# [What the task requires]
Omit every picture, then return each line of the data below exactly.

# [Given data]
*** Begin section ***

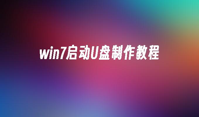 win7启动U盘制作教程
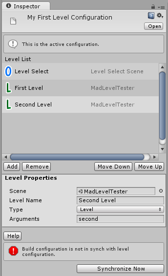 Make sure that you have My First Level Configuration selected and take a look at the Inspector.
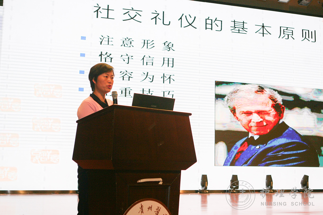 首先,王秀红从两个真实发生的案件引出了本次讲座的主题,并指出了文明礼仪的重要性。接着,对礼仪的含义及基本原则,礼仪修养的过程进行了概况性介绍,结合同学们日常生活和学习从仪表仪态礼仪、社交礼仪、学校礼仪规范等方面进行了讲解,并重点普及了宿舍礼仪、课堂礼仪及师生交往礼仪等与师生工作、学习、生活密切相关的礼仪规范。讲授过程中王秀红还时不时地列举一些礼仪故事,幽默风趣的讲述吸引了全场听者的注意力。
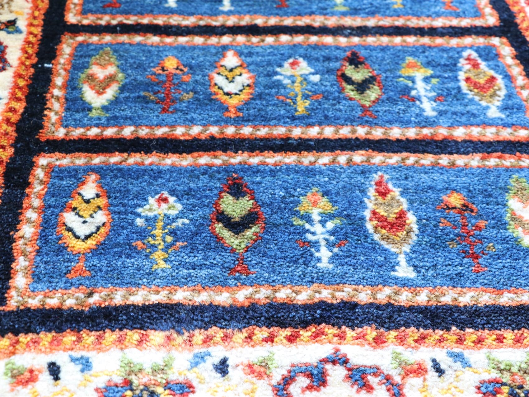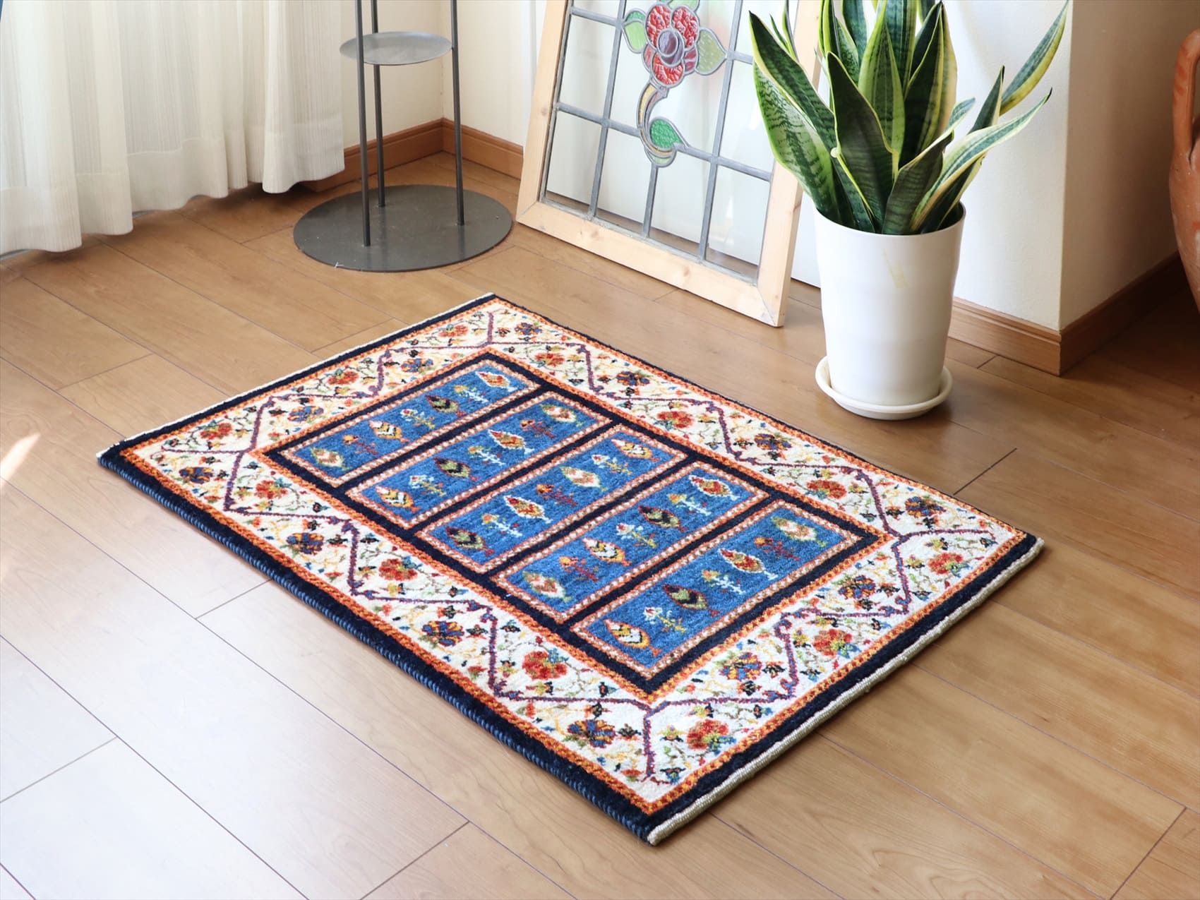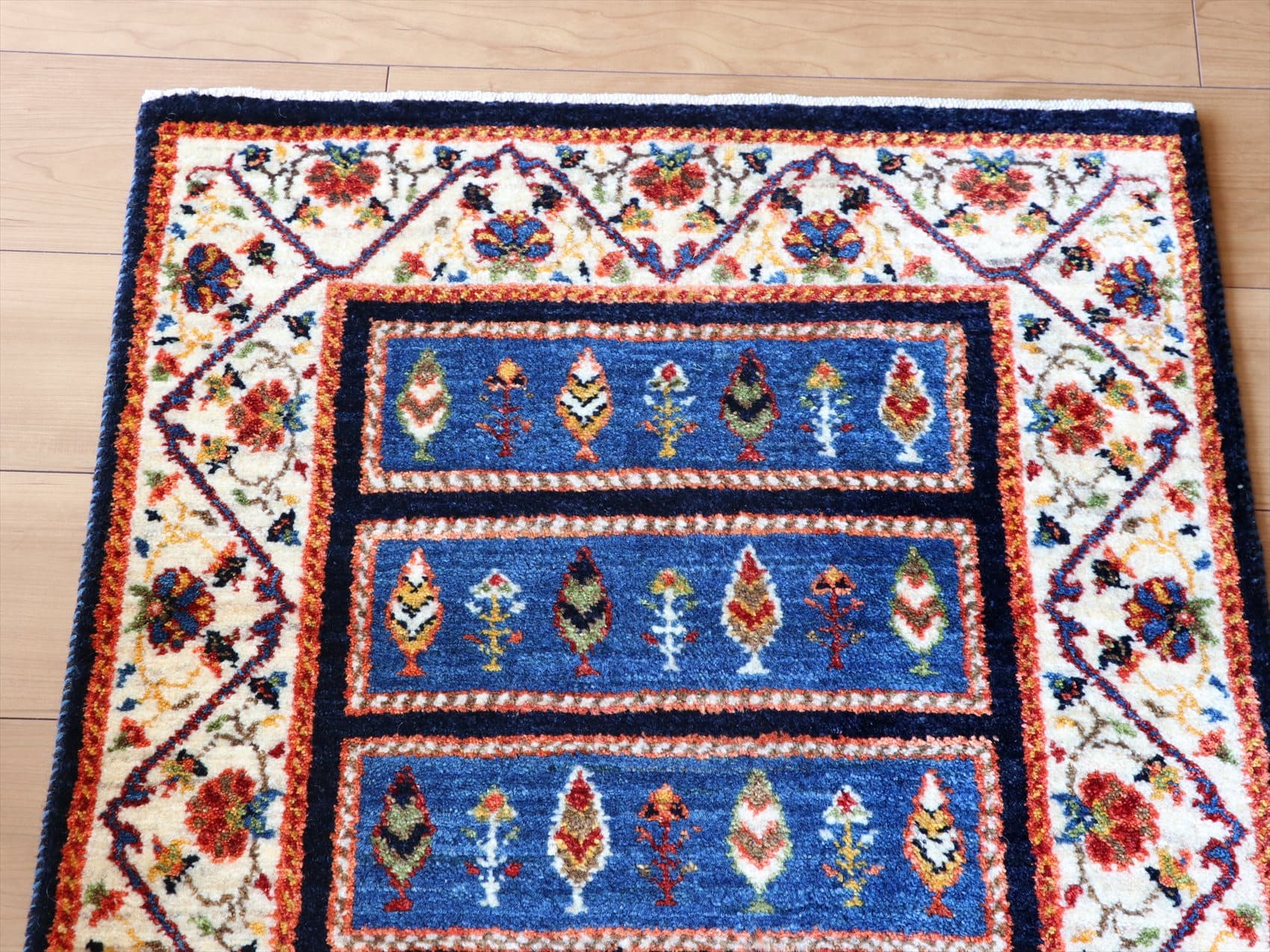 | インディゴ藍で染めたブルーに、アイボリーのボーダーを合わせたクラシックデザインのギャッベ。細長くのびるイトスギの樹はカラフルな木の葉のように表現されていて、ひとつひとつ少しずつ違う表情をみせています。周囲は、蔓の絡まるバラでしょうか。古くから織り継がれてきた伝統柄ですが、色使いのためかモダンなアート作品のようにも見えます。 |

*** End section ***

# [Answer section]
 win7启动U盘制作教程
 Make sure that you have My First Level Configuration selected and take a look at the Inspector.
 首先,王秀红从两个真实发生的案件引出了本次讲座的主题,并指出了文明礼仪的重要性。接着,对礼仪的含义及基本原则,礼仪修养的过程进行了概况性介绍,结合同学们日常生活和学习从仪表仪态礼仪、社交礼仪、学校礼仪规范等方面进行了讲解,并重点普及了宿舍礼仪、课堂礼仪及师生交往礼仪等与师生工作、学习、生活密切相关的礼仪规范。讲授过程中王秀红还时不时地列举一些礼仪故事,幽默风趣的讲述吸引了全场听者的注意力。
 | インディゴ藍で染めたブルーに、アイボリーのボーダーを合わせたクラシックデザインのギャッベ。細長くのびるイトスギの樹はカラフルな木の葉のように表現されていて、ひとつひとつ少しずつ違う表情をみせています。周囲は、蔓の絡まるバラでしょうか。古くから織り継がれてきた伝統柄ですが、色使いのためかモダンなアート作品のようにも見えます。 |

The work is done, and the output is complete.